Tuesday, June 9, 2015

Creature Comforts


There's this kind of camping, where you carry a home with you. But that's not what we meant by camping when I was a child. We meant this kind of camping . . .
. . . though we never ran into a bear. And the tent wasn't nice nylon with mesh windows, but canvas (it was the 1950s), which smelled faintly of mold, despite my parents' good housekeeping.

Daddy Longlegs sprawled here and there on the walls of the tent. Beyond the painfully bright Coleman lantern there were a million mosquitos and the darkest dark.  You used a smelly outhouse a long way away or squatted behind a bush.  No friends, no books, nothing to do.

When as a grownup I tried it with a friend, I further realized that the ground beneath the air mattresses was lumpy and unforgiving.  The fire that was inviting at night was dead by morning, and it took a long time to get a fire going and make coffee. Once I had used up a roll of film and hiked moderately, there was still nothing to do but become increasingly aware of how uncomfortable folding chairs really are..

Living as if the technological advances of the last hundred years had not happened seems to have a sacred quality for some people. It does for me too. I'm not being sarcastic when I say I love nature, especially as seen from the windows of my air-conditioned home, which has flush toilets, hot running water, a real refrigerator, and a gas stove. What I like most to do in nature is sit with coffee when no one else is awake, and gestate a poem. I would also like that a lot at a cafe in Paris. You see what kind of person I am. Maybe people are different in New York City, but in the Midwest you feel a kind of shame for being so thoroughly urban.

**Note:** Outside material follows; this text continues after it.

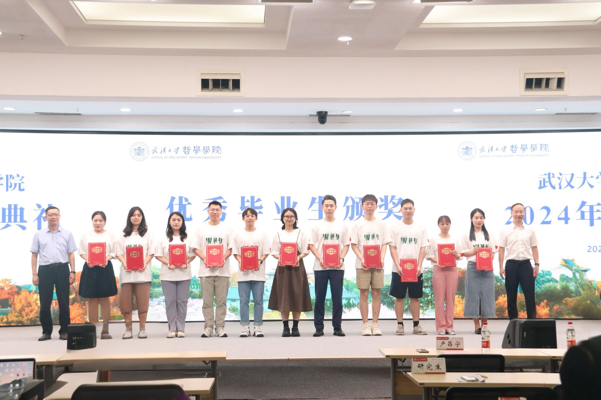 在2024届毕业生中,涌现出多名优秀毕业生。优秀学子代表上台领奖并合影留念。当毕业生们接过这份象征着荣誉和成就的证书时,他们的脸上洋溢着灿烂的笑容,眼中闪烁着对未来的憧憬。

I did for several years go to the church's annual Labor Day campout. It was in nature, and not air conditioned, but there were things to do with people I liked, the cabins had toilets, other people cooked for you. One year I asked a man I knew whether he was going, just making conversation. Sal was a big guy, an executive who had a lot of money and who seldom spoke, and was thus generally esteemed. In response he chuckled as if the very idea was absurd, and said, "I like my creature comforts."

Creature comforts. Into my mind sprang a memory of the best hotel I've ever stayed at, which had one of the first glass elevators in America. The lovely shower with lots of fluffy white towels. Room service. Several restaurants. These are the luxuries of civilization, the things that give us comfort.  Like many who have been in the trenches, I like them.

I remembered this recently after talking with a friend about living a life that matters. I don't have as many conversations about that as I used to, my energy being more limited, but I do think about it. It is very hard to help people by setting out to help them, as so many social programs have shown. On the other hand, you never know when you might help someone just by being authentically yourself.  Sal was not a religious person, but he did me an appreciable favor just by being who he was, fearlessly, thoroughly civilized.